Once the line containing "Tiny bathroom with walk-in shower." is found in the entries below, restate it and each following line word for word, stopping after the line containing "The new national".

*Data listing*:
■ ■ ■
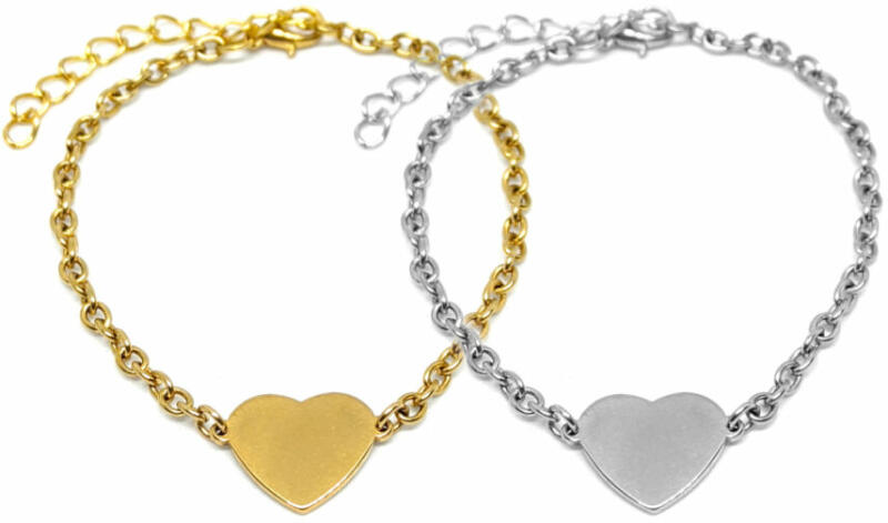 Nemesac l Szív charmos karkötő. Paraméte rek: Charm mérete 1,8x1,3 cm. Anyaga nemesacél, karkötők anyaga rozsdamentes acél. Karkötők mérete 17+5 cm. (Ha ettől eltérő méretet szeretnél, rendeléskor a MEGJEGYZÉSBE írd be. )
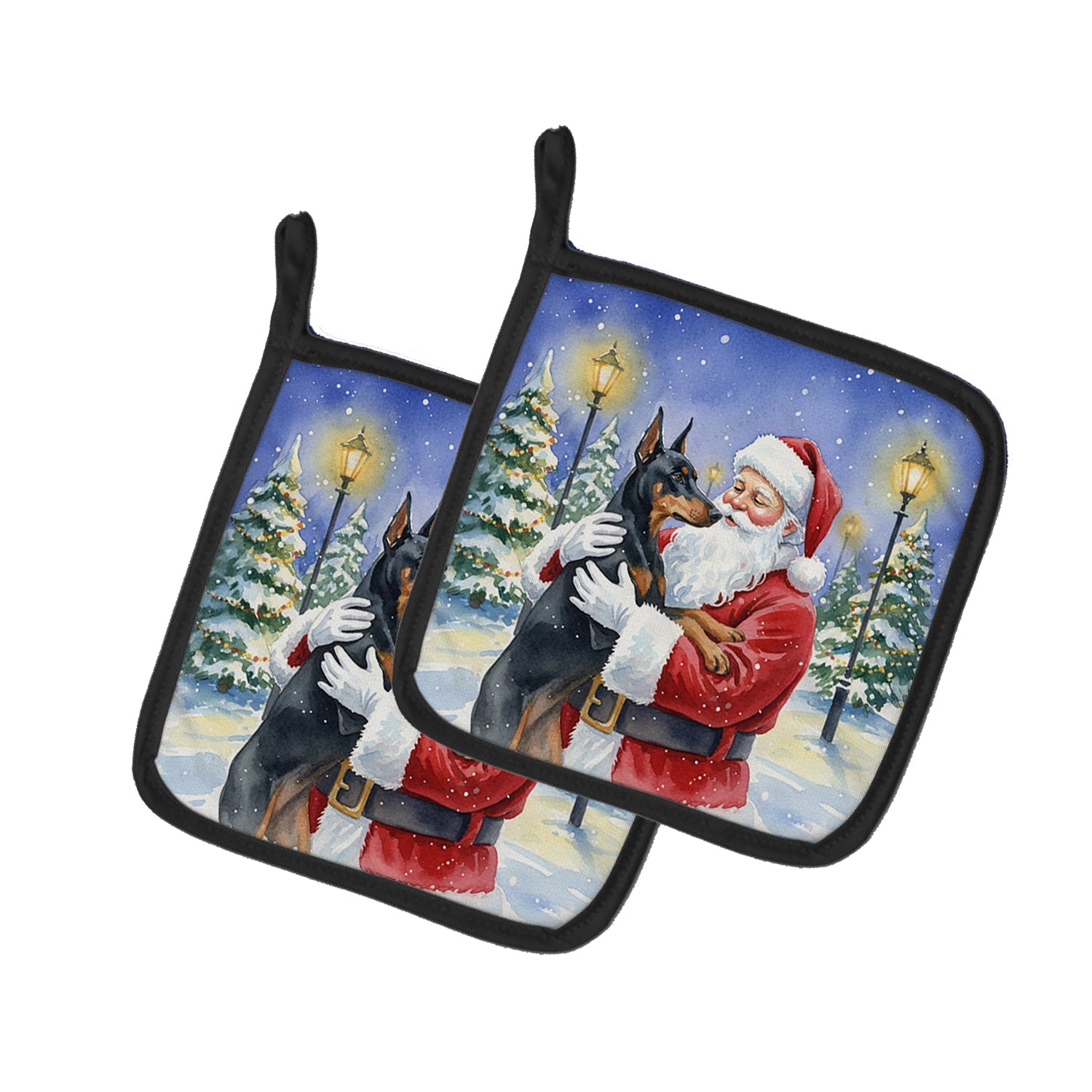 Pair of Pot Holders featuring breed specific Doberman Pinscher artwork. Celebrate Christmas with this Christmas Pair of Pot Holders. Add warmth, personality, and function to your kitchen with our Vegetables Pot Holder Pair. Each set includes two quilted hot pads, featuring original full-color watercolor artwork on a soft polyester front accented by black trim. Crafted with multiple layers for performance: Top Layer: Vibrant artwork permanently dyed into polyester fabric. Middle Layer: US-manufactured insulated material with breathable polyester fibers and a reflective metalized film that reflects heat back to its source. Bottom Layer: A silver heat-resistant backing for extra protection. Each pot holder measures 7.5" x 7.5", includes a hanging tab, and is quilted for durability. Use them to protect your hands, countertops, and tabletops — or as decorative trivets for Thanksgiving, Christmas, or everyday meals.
■ ■ ■
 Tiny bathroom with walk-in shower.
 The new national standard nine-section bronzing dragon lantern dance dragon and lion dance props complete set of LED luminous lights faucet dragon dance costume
■ ■ ■
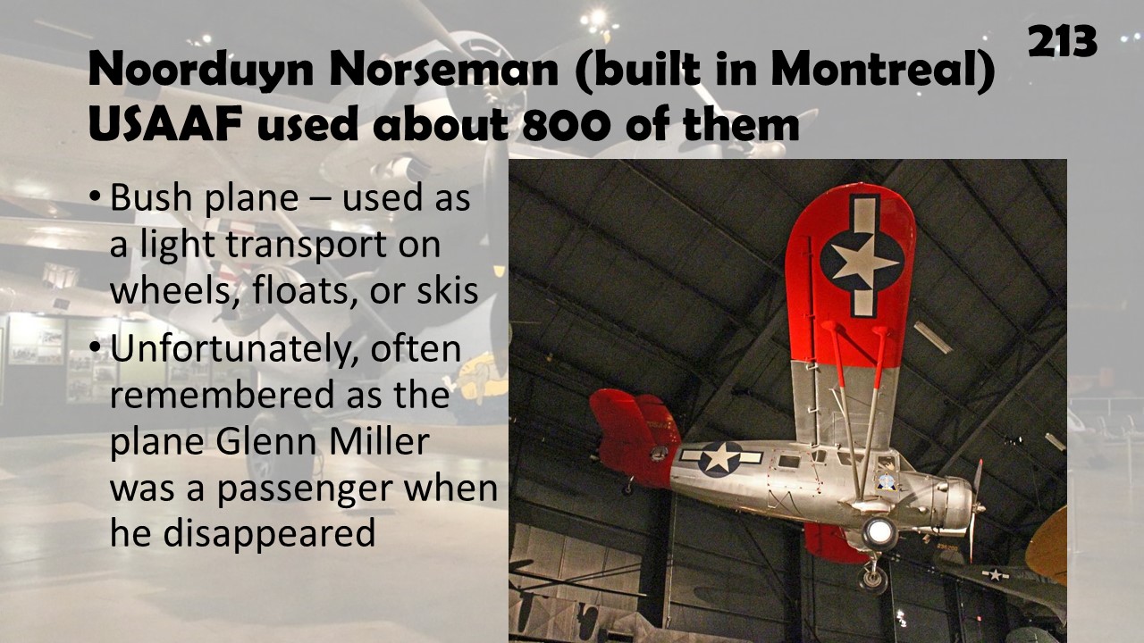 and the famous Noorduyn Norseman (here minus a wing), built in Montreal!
■ ■ ■
*Exercise response*:
 Tiny bathroom with walk-in shower.
 The new national standard nine-section bronzing dragon lantern dance dragon and lion dance props complete set of LED luminous lights faucet dragon dance costume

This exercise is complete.